_Data in this exercise_:
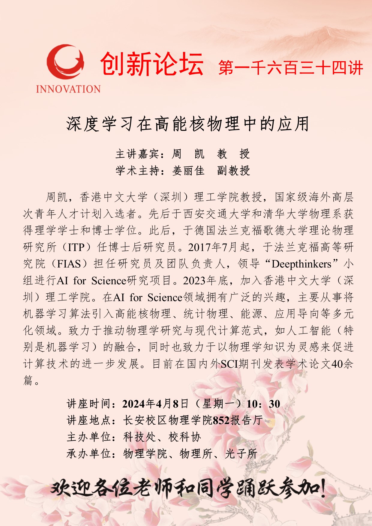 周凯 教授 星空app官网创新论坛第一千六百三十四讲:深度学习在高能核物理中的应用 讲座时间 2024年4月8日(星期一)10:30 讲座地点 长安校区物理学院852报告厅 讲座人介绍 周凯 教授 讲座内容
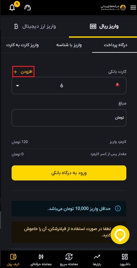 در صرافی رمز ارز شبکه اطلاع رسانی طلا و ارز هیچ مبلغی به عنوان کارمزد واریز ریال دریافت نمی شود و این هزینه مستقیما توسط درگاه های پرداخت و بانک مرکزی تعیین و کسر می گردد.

==

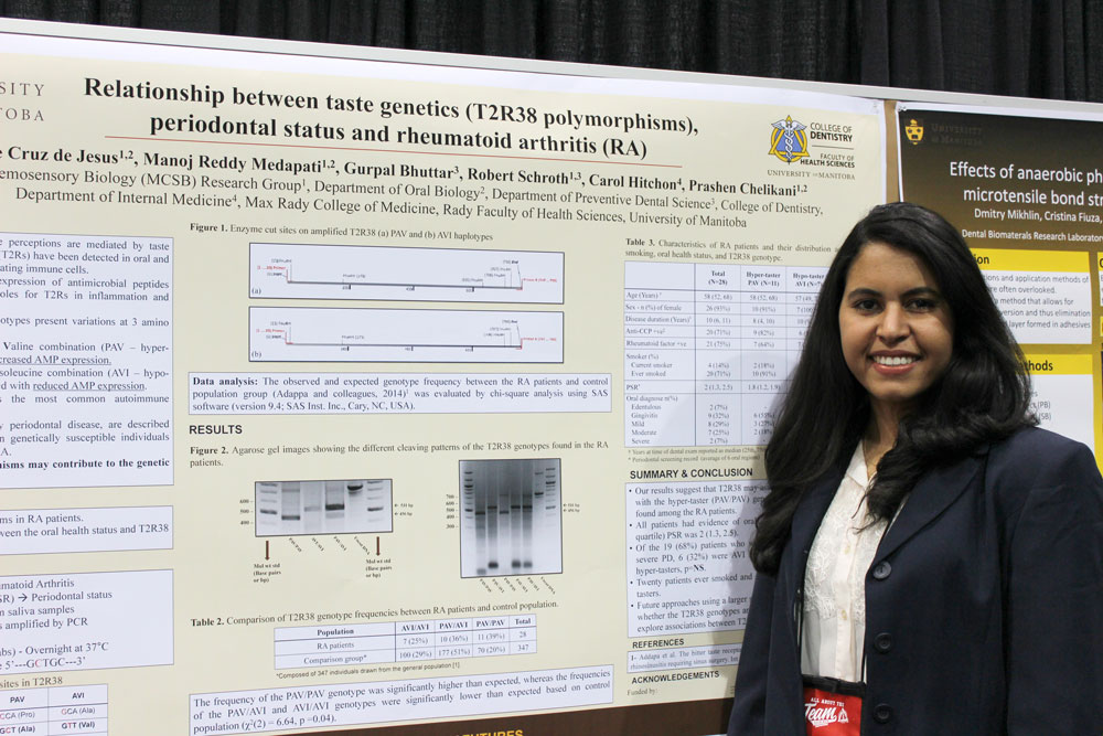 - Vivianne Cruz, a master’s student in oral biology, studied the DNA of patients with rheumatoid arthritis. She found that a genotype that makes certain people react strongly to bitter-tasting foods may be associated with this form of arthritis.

_What is required_: Look above for the line containing "周凯 教授 星空app官网创新论坛第一千六百三十四讲:深度学习在高能核物理中的应用" and the line containing "در صرافی رمز", then reproduce both and everything between them exactly, pictures omitted.

_Output for this exercise_:
 周凯 教授 星空app官网创新论坛第一千六百三十四讲:深度学习在高能核物理中的应用 讲座时间 2024年4月8日(星期一)10:30 讲座地点 长安校区物理学院852报告厅 讲座人介绍 周凯 教授 讲座内容
 در صرافی رمز ارز شبکه اطلاع رسانی طلا و ارز هیچ مبلغی به عنوان کارمزد واریز ریال دریافت نمی شود و این هزینه مستقیما توسط درگاه های پرداخت و بانک مرکزی تعیین و کسر می گردد.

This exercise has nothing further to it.